Ellie Mae's Origination Insight Report shows that the mortgage industry continued to move into a purchase market in July, with purchase loans accounting for 67% of all closed loans, compared to 65% in June and 53% in July 2013.
Refinances accounted for only 32% of loans originated via Ellie Mae's Encompass mortgage management software and the Ellie Mae Network in July, whereas they accounted for 33% of all loans in June and 47% of all loans in July 2013.
To get a meaningful view of lender pull-through, Ellie Mae reviewed a sampling of loan applications initiated 90 days prior (i.e., the April 2014 applications) to calculate an overall closing rate of 57.7% in July, down from 60.7% in June.
‘The purchase market continued to climb in July with the share of closed purchase loans reaching 67 percent, the highest percentage since we began tracking this data in August 2011,’ says Jonathan Corr, president and chief operating officer of Ellie Mae, in a statement. ‘Meanwhile, time to close for all loans dropped to 37 days, the lowest average we've seen since we began tracking. This reflects time to close decreasing across the board, with an average of 36 days for conventional loans and 38 days for Federal Housing Administration and Veteran's Affairs loans.’

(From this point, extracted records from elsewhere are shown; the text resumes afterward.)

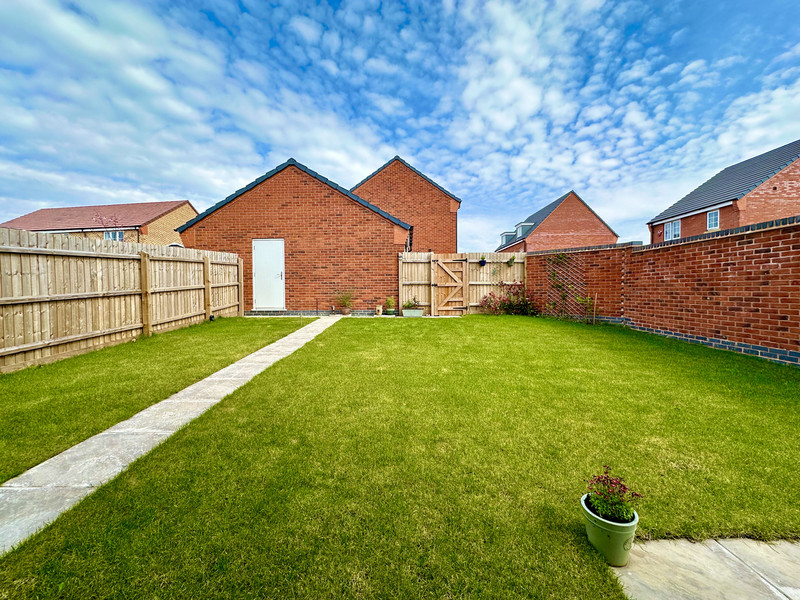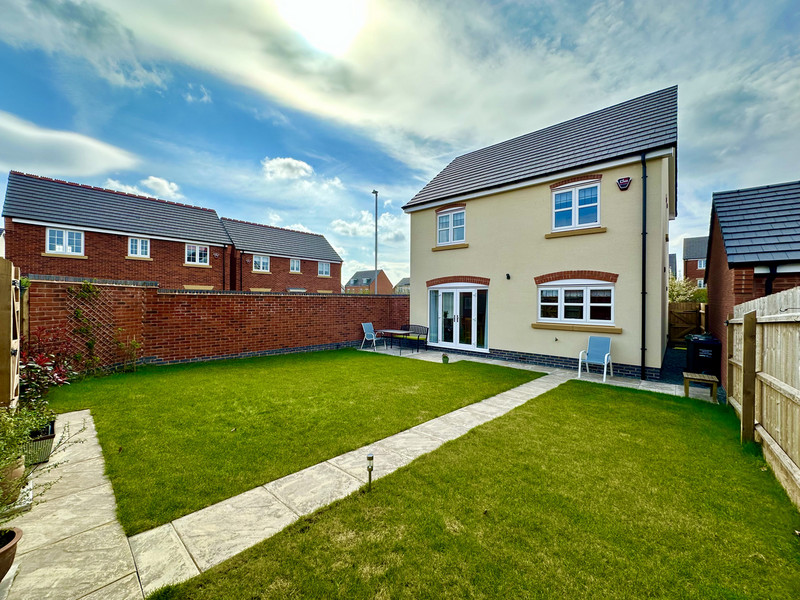 Starting with the rear garden, you'll find it's a great space, particularly for a newer build, mainly laid lawn with a patio area. There is a single detached garage, as well as off-road parking in front of the garage.
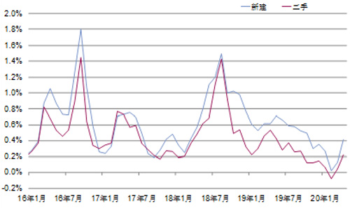 圖4:一、二線城市新建商品住宅銷售價(jià)格指數(shù),2020年5月
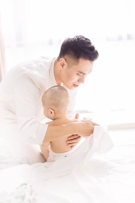- Tôi chỉ nghĩ đơn giản, dù mình là ai thì khi về đến nhà, trách nhiệm và công việc của mình vẫn là người chồng và người cha. Tôi cũng giống như bao ông bố khác thôi. Tôi không giỏi lắm trong việc nấu ăn, giặt giũ nhưng những việc cơ bản như cho em bé uống sữa, thay tã, mặc quần áo, chơi với em bé, cho bé ngủ thì tôi rất tự tin và thuần thục. Vì thế, tôi nghĩ mình phần nào chia sẻ được gánh nặng trong việc chăm sóc con với bà xã.
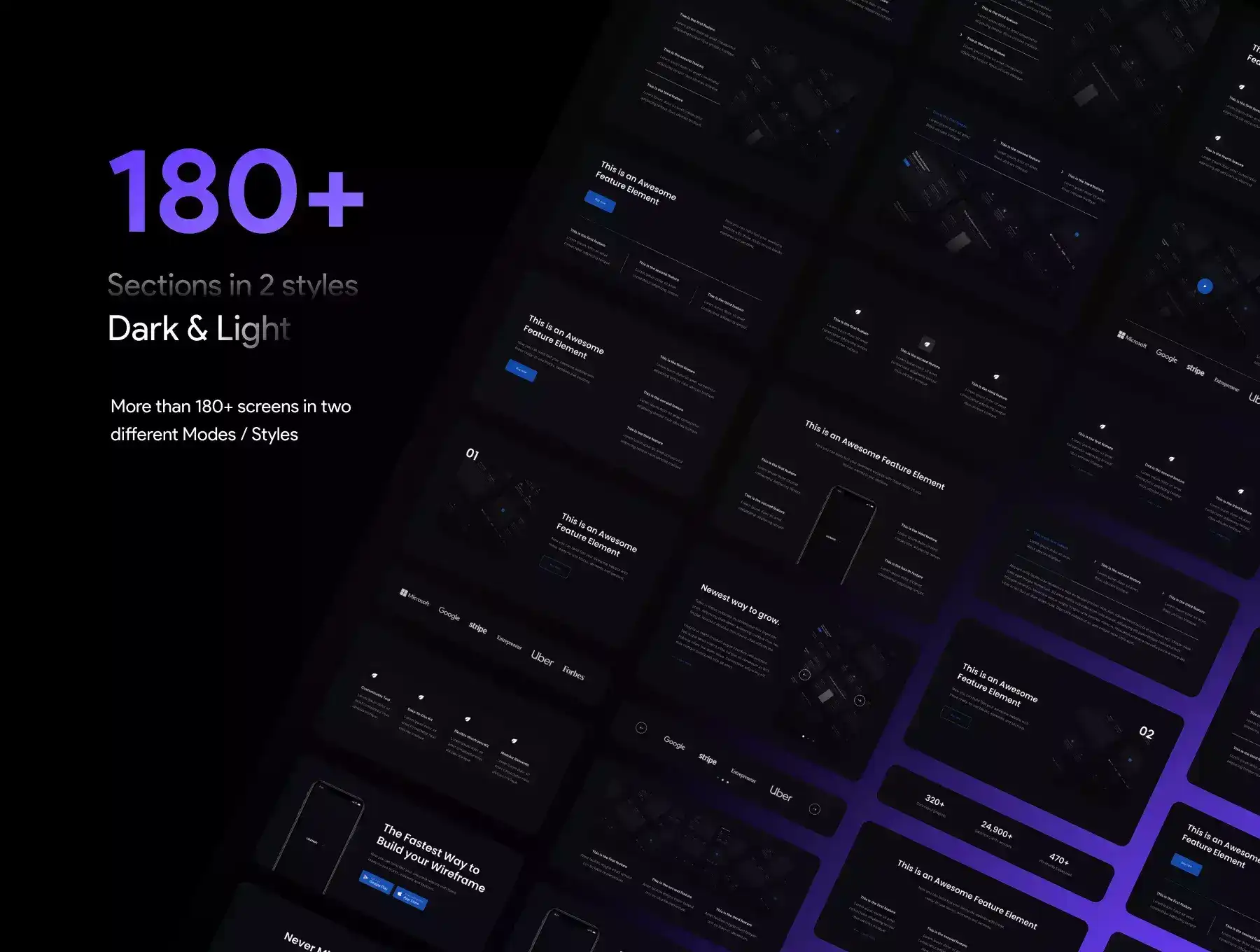 - 180+ Dark/Light ready-to-use sections & UI Elements

Part of the reason loans are closing faster is simply that there is less volume for lenders to deal with. It should be noted that although purchases accounted for a greater share of overall volume, that does not necessarily mean purchase volume was up month over month.
Helping to drive the increase in purchase volume share is the fact that interest rates fell in July, with the average rate for a 30-year fixed-rate mortgage declining to 4.388%, down from 4.421% in June. With mortgage interest rates holding near historical lows, fewer homeowners seeking to refinance, and demand from home buyers increasing, the industry should continue to move further into a purchase market for the remainder of this year.
The report also indicates that some lenders loosened their lending standards in July: The average FICO score fell one point to 727, reversing four months of gradual increases.
In a further sign of easing, 32% of closed loans had an average FICO score under 700 last month compared to 25% in July 2013, Corr notes.